You are viewing a plain text version of this content. The canonical link for it is here.

Posted to dev@pirk.apache.org by Darin Johnson <db...@gmail.com> on 2016/09/29 00:50:34 UTC

Some Obversations while refactoring into submodules

Hey guys, started working on refactoring into submodules and noticed a few
things.

First the class DistributedTestSuite in org.apache.pirk.tests package is
directly calling SparkLauncher, which can be avoided using platform
(already a TODO).

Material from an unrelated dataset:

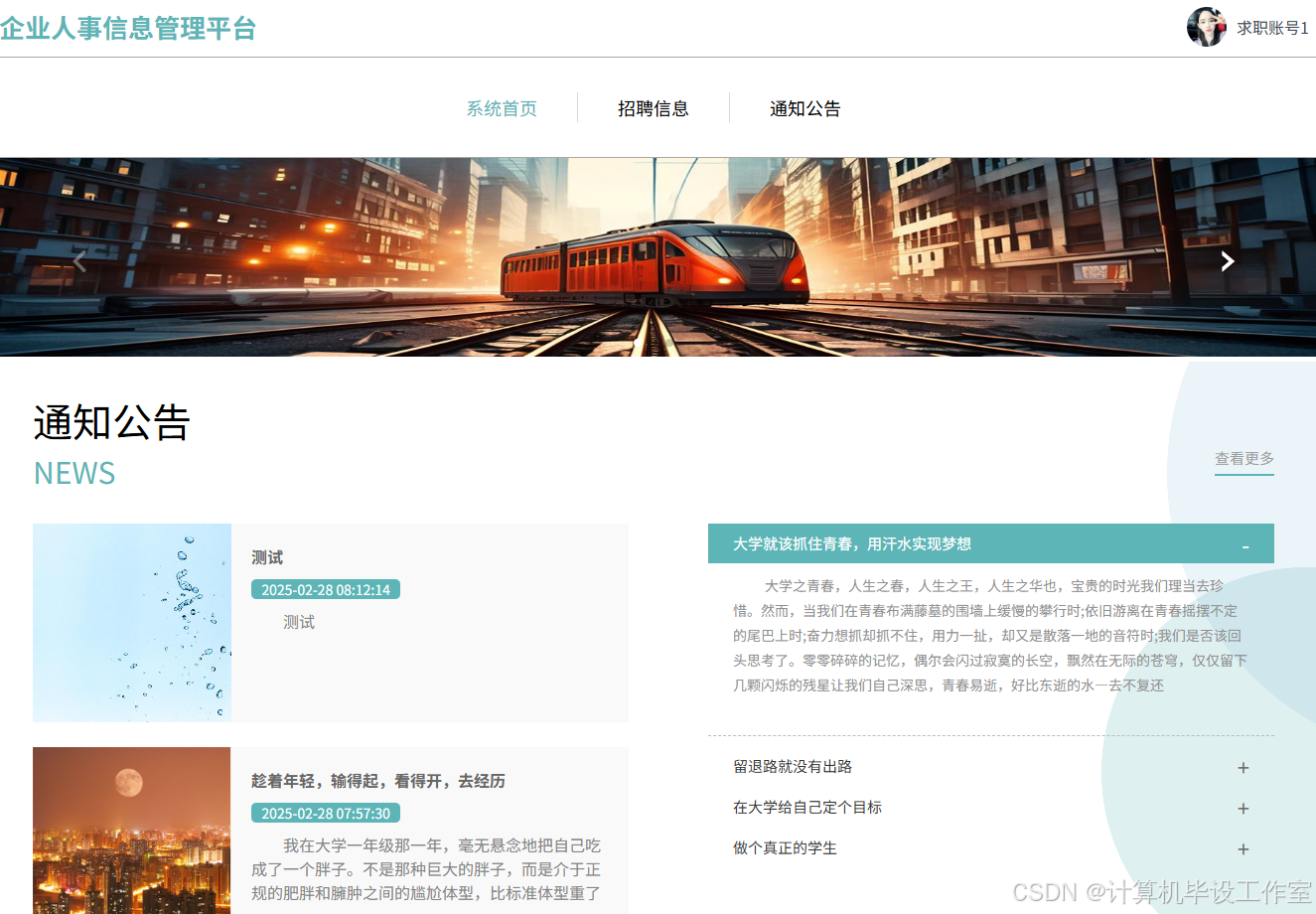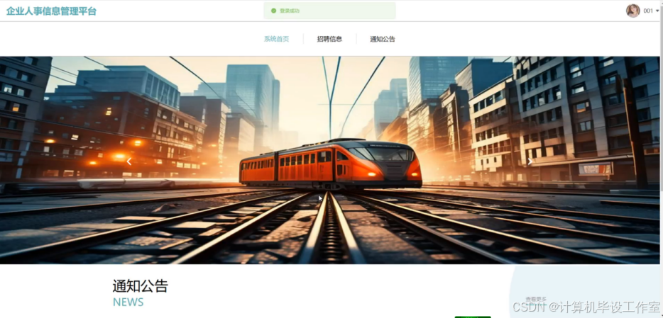 系统首页是平台的主入口,为用户提供导航和重要信息展示。通过清晰的界面布局和内容展示,为用户提供良好的导航菜单、轮播图、通知公告和招聘信息的浏览体验,引导用户进行登录、注册及系统内相关操作。

This will be needed to break the spark responder out.  No
issues here' expected it.

Also noticed that DistributedTestSuite calls BaseTests.testDNSHostnameQuery
which in turn calls the static method performQuery in
DistTestSuite.performQuery so we've got a cyclic dependency.  I'm thinking
this should be refactored, which shouldn't be hard - most of the method are
static.

I figured I should solicit some thoughts on the best approach to going
about this before jumping in.  Comments welcome, especially as I haven't
written anything yet :).

My initial thoughts are the DistTestSuite should see what distributed
frameworks are available (via plugin) and then run those tests.  This will
likely require a setup helper for each framework though - the DistTestSuite
might then need to skip frameworks where the setup helper isn't found.  If
this seems to be the approach people would like I'll start stubbing it out
and get some opinions.

Darin

Re: Some Obversations while refactoring into submodules

Posted by Ellison Anne Williams <ea...@apache.org>.

Looks good Darin - look forward to the PR and integrating it into Pirk! :)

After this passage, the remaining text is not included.